The sheriff's office investigated the case for two days before determining it merited an arrest of Magee for cruelty to a juvenile.

A local woman was also charged this week with cruelty to a juvenile after a spanking incident. She allegedly spanked her 10-year-old son three times after he was suspended from elementary school for five days.

In that case, police and juvenile authorities in Slidell made the determination that Himber had gone beyond corporal punishment and into the realm of cruelty to a juvenile.

The boy's grandmother initiated the police investigation into Himber's disciplinary actions. The grandmother reported seeing bruises on the boy's arm, said Slidell Police Department spokesman Lt. Butch Jacobs.

Reichenbach said investigators must make the call as to what constitutes cruelty and what is acceptable physical discipline. The Office of Community Services, Child Protective Services and juvenile authorities help investigators make that determination, he said.

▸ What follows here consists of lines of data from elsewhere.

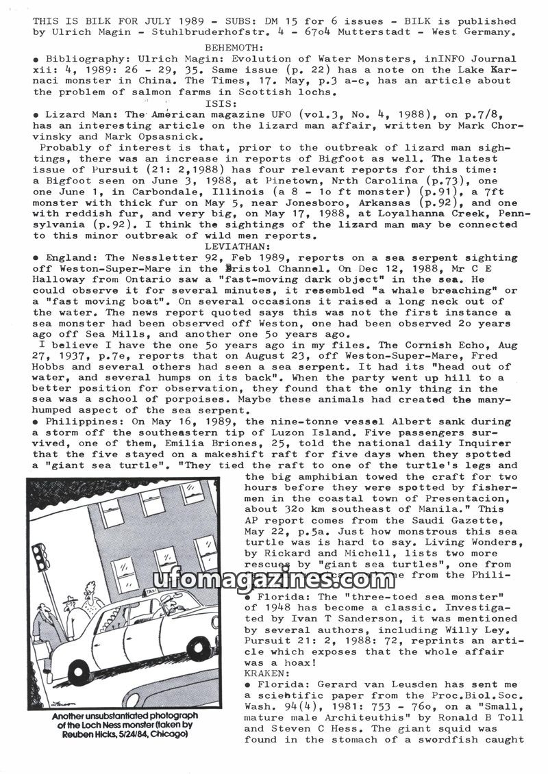 This issue of BILK magazine from July 1989 covers a range of unexplained phenomena. It includes a bibliography on water monsters, reports on Lizard Man and Bigfoot sightings, and a
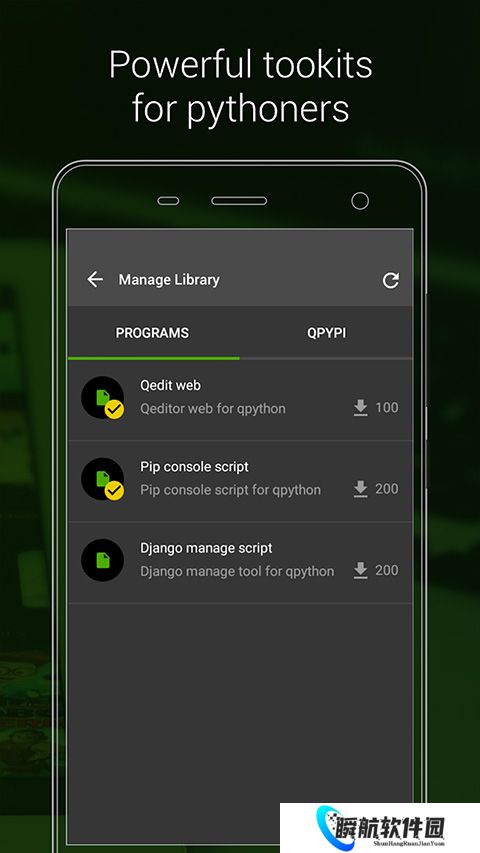 qpython3是一个适用于安卓手机的Python代码编辑器,集合控制台程序、SL4A程序、WebApp项目等多种功能于一体,还能通过QR码将电脑端未完成的代码转移到手机上,帮助开发者们随时都能调试代码。
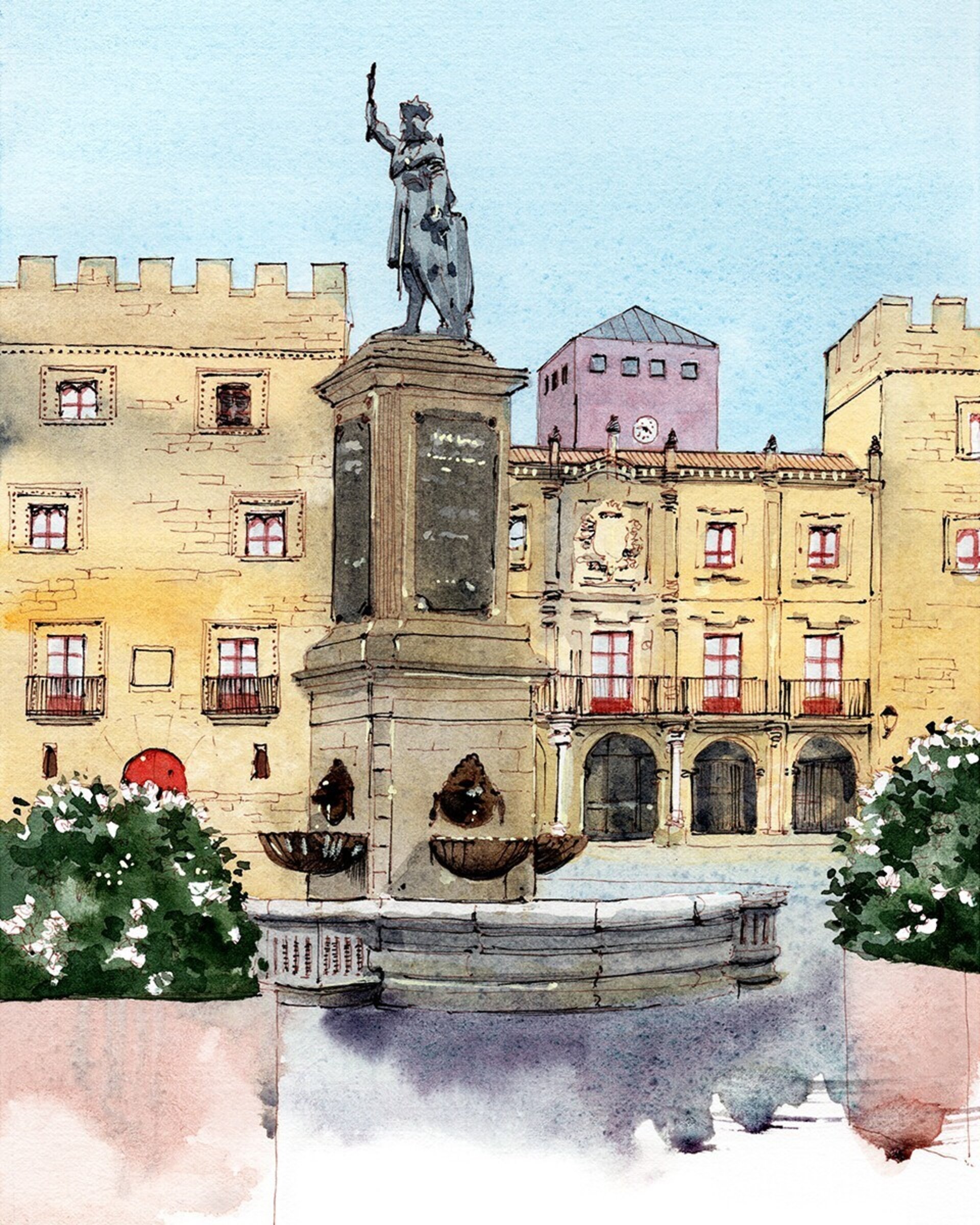 Escultura de Pelayo frente al Palacio de Revillagigedo Gijón
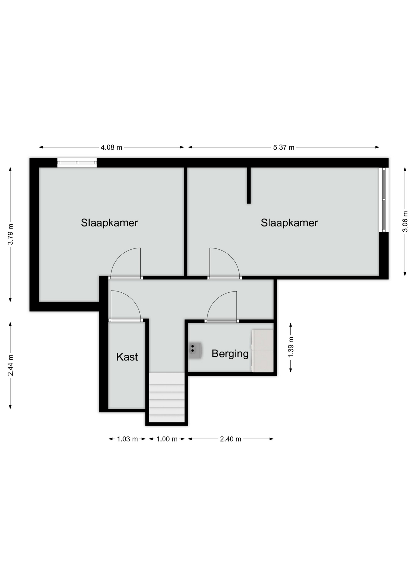 - 1 maisonnette woning aan de achterzijde met 2 slaapkamers en dakterras,
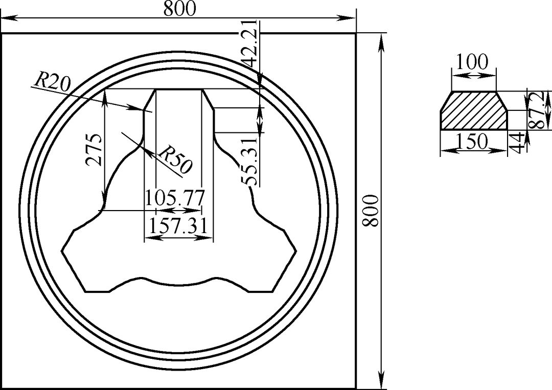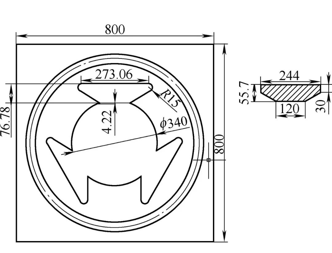 (3)原電極的長方形截面抗變形強(qiáng)度低,主電極在熱處理的過程中易變形,圖3所示為組合后的型磚結(jié)構(gòu),圖3剖線部分為電極截面形狀。
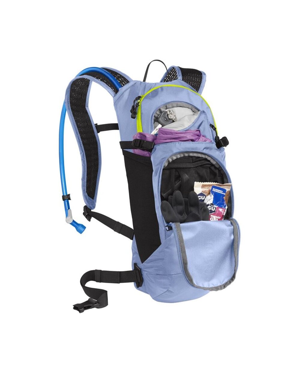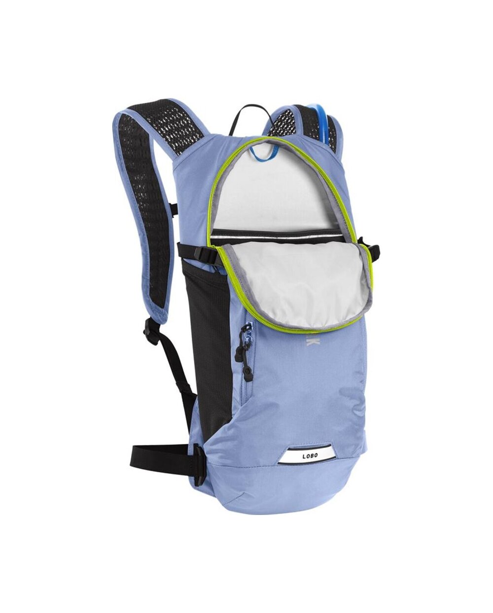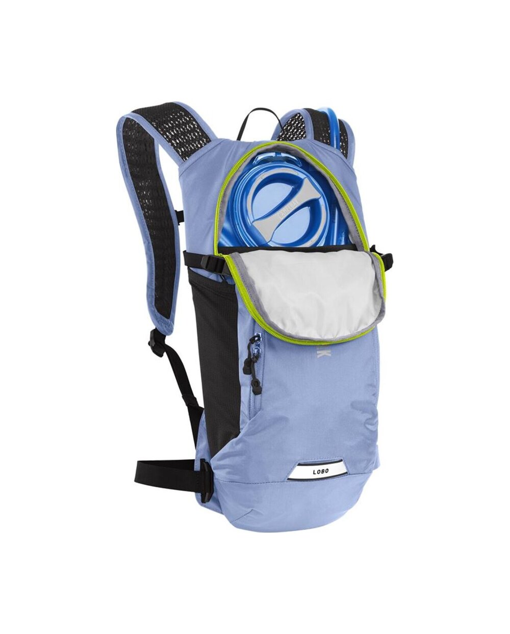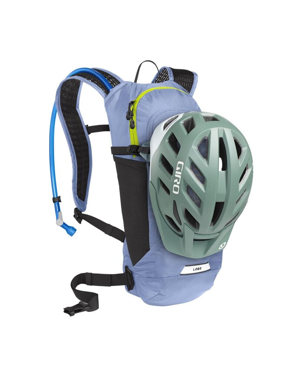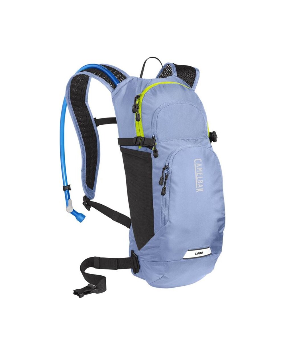 The Lobo is a sleek cycling pack with a narrow profile that can fit essentials and water for any ride. There's a pocket for small items, integrated tool organizer, chest and waist belt (removable), Magnetic Tube Trap, Helmet Carry, reflective elements, and blinker strap. The women's version is designed to respect the female torso, and the perfectly ventilated straps are shaped into an "S".

The question of parents' rights versus children's' rights becomes complicated when corporal punishment is at issue. "It is a bit of a grey area," said Alan Black, an attorney in Slidell whose practice includes both criminal and family law. "These are tough cases. ...

You need to look at every case on its own merits."

Parents have the right to discipline their children, said Black, but >there are limitations as to what is acceptable.

"There was a time when (corporal punishment) was generally accepted. Then it was viewed as disastrously negative for children. Now we are back to using more physical punishment and believing it is OK," said Peter Clark, a child psychologist in Slidell.

There is a trend toward more rigid discipline these days born out of a worry that society has become too liberal and out of control, said Clark.

He never advises people that corporal punishment is a necessary parenting tool, "but how they discipline their children is up to them," he said. "Some people believe one thing and other believe another."

"There is nothing that can be achieved through corporal punishment that cannot be achieved through some other means," said the psychologist. As far as inflicting long-lasting damage on a child's psyche, Clark said there is no reason to believe it causes profound harm. Of course, that would depend on the severity of the beating.